10. Makroskopik hemoglobinuri oleh karena infeksi malaria akut (bukan karena obat anti malaria/kelainan eritrosit (kekurangan G-6-PD)
11. Diagnosa post-mortem dengan ditemukannya parasit yang padat pada pembuluh kapiler pada jaringan otak.
 
7. OPenetalaksaan Medis
Pengobatan malaria dapat dilakukan dengan memberikan obat antimalari. Obat antimalaria dapat dibagi dalam 9 golongan yaitu :
1.kuinin (kina)
2.mepakrin
3.klorokuin, amodiakuin
4.proguanil, klorproguanil
5.Primakuin
6.pirimetamin
7.sulfon dan sulfonamide
8.kuinolin methanol
9.antibiotic

Berdasarkan suseptibilitas berbagai macam stadium parasit malaria terhadap obat antimalaria, maka obat antimalaria dapat juga dibagi dalam 5 golongan yaitu :
1 Skizontisida jaringan primer yang dapat membunuh parasit stadium praeritrositik dalam hati sehingga mencegah parasit masuk dalam eritrosit, jadi digunakan sebagai obat profilaksis kausal. Obatnya adalah proguanil, pirimetamin.
2 Skizontisida jaringan sekunder dapat membunuh parasit siklus eksoeritrositik P. vivax dan P. ovale dan digunakan untuk pengobatan radikal sebagai obat anti relaps, obatnya adala primakuin.
3 Skizontisida darah yang membunuh parasit stadium eritrositik, yang berhubungan dengan penyakit akut disertai gejala klinik.

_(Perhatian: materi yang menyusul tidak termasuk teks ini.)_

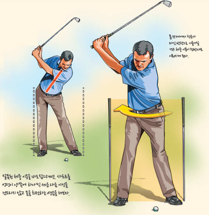 이 오류를 바로잡으려면 양쪽 발 바깥으로 엉덩이와의 간격이 동일하도록 샤프트를 하나씩 세워보고, 백스윙에서 오른 엉덩이를 몸 뒤로 회전할 때에도 양쪽 엉덩이가 이 샤프트와 동일한 간격을 유지해야 한다고 합니다.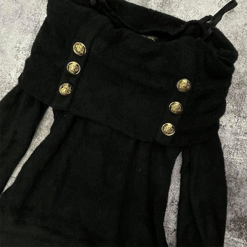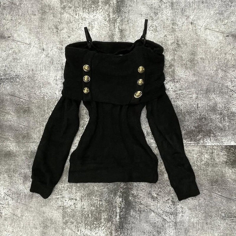 オフショルとキャミソールが一体になったデザインで、ズレを気にせず完璧な「肩見せ」をキープできます。フロントに並んだ装飾ボタンが、ブラックの生地に映えて高級感をプラス。シンプルになりがちな秋冬コーデを一気にゴージャスに格上げしてくれます。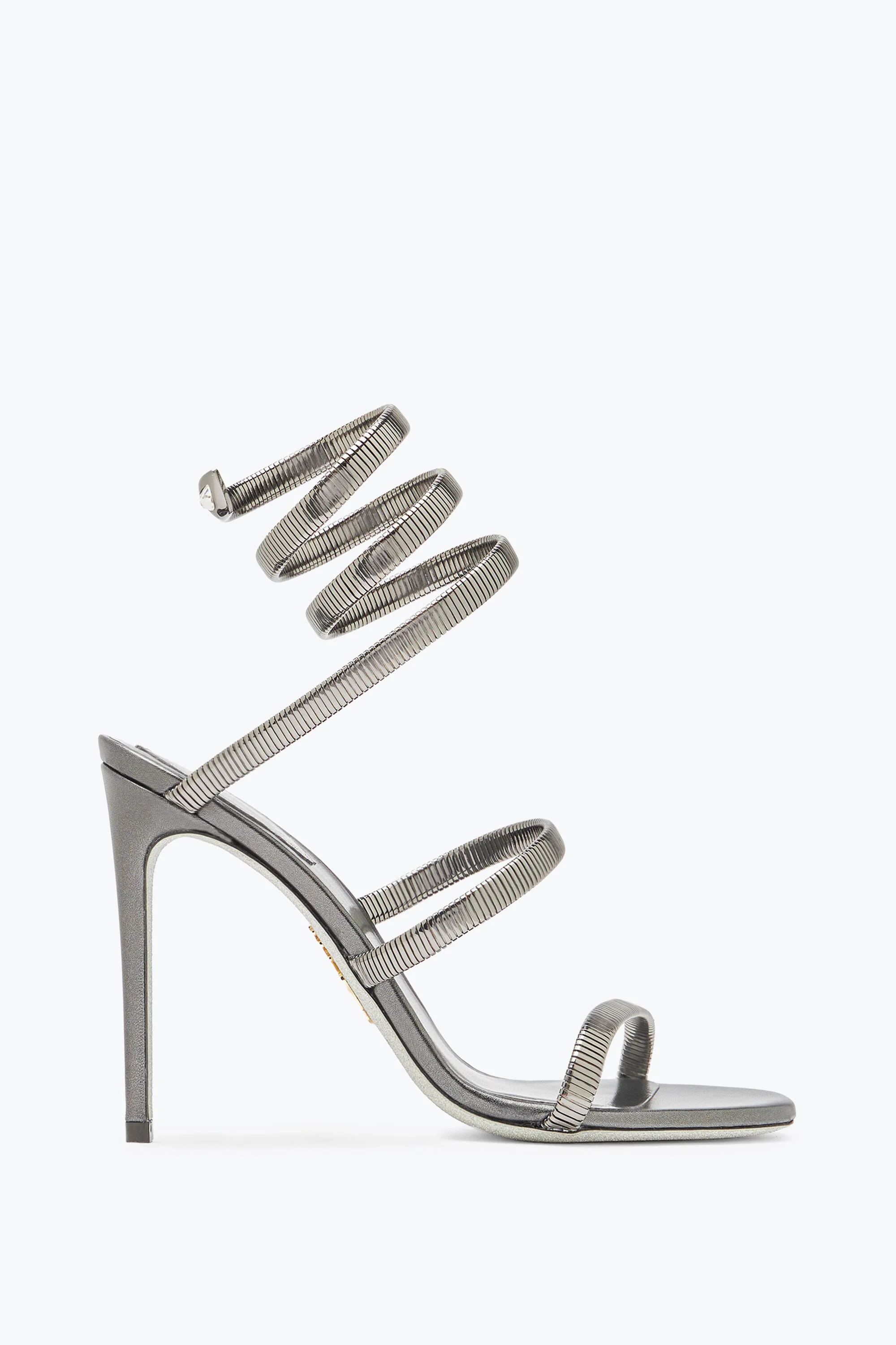 An intriguing play of metal links elegantly wrap the ankle in the Juniper gunmetal sandal, giving every look an almost futuristic accent. The high stiletto heel and stardust sole embody the maison's DNA. - Leather, copper - Serpent hardware - Stiletto heel height 4.1’’ - Round toe - Stardust sole - Made in Italy Ref. C11628-105-NA01CDFA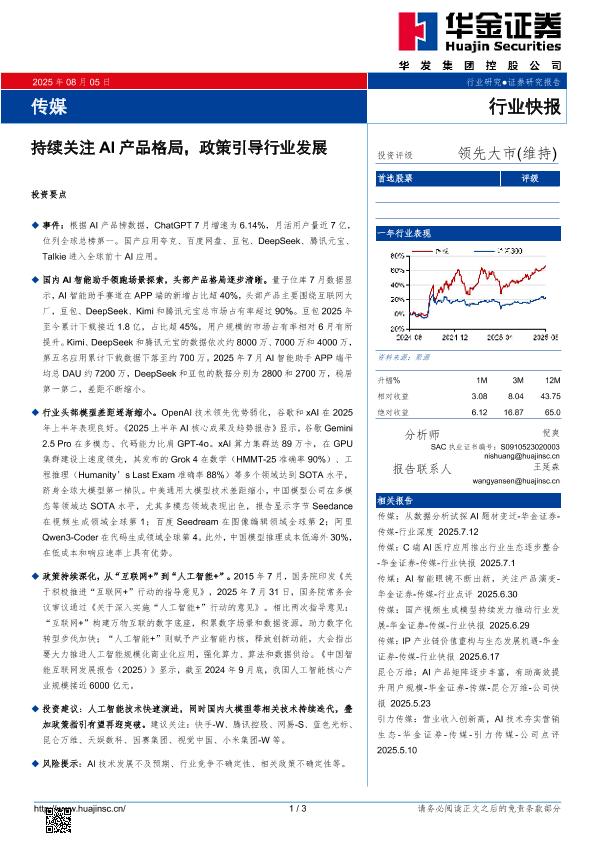 【华金证券】【20250805】传媒行业快报:持续关注AI产品格局,政策引导行业发展-3页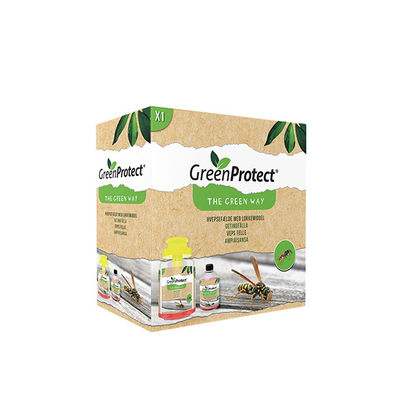Green Protect hvepsefælde er en effektiv og ugiftig fælde med tilhørende lokkemiddel.. Ved hjælp af lkkemidlet ledes hvepsene væk fra haven helt uden brug af gift. Tiltrækker kun hvepse, ikke bier og andre nytteinsekter.

Obat ini digunakan untuk pengobatan supresif bagi keempat spesies Plasmodium dan juga dapat membunuh stadium gametosit P. vivax, P. malariae dan P. ovale, tetapi tidak efektif untuk gametosit P. falcifarum. Obatnya adalah kuinin, klorokuin atau amodiakuin; atau proguanil dan pirimetamin yang mempunyai efek terbatas.
4 Gametositosida yang menghancurkan semua bentuk seksual termasuk gametosit P. falcifarum. Obatnya adalah primakuin sebagai gametositosida untuk keempat spesies dan kuinin, klorokuin atau amodiakuin sebagai gametositosida untuk P. vivax, P. malariae dan P. ovale.
5 Sporontosida yang dapat mencegah atau menghambat gametosit dalam darah untuk membentuk ookista dan sporozoit dalam nyamuk Anopheles. Obat – obat yang termasuk golongan ini adalah primakuin dan proguanil.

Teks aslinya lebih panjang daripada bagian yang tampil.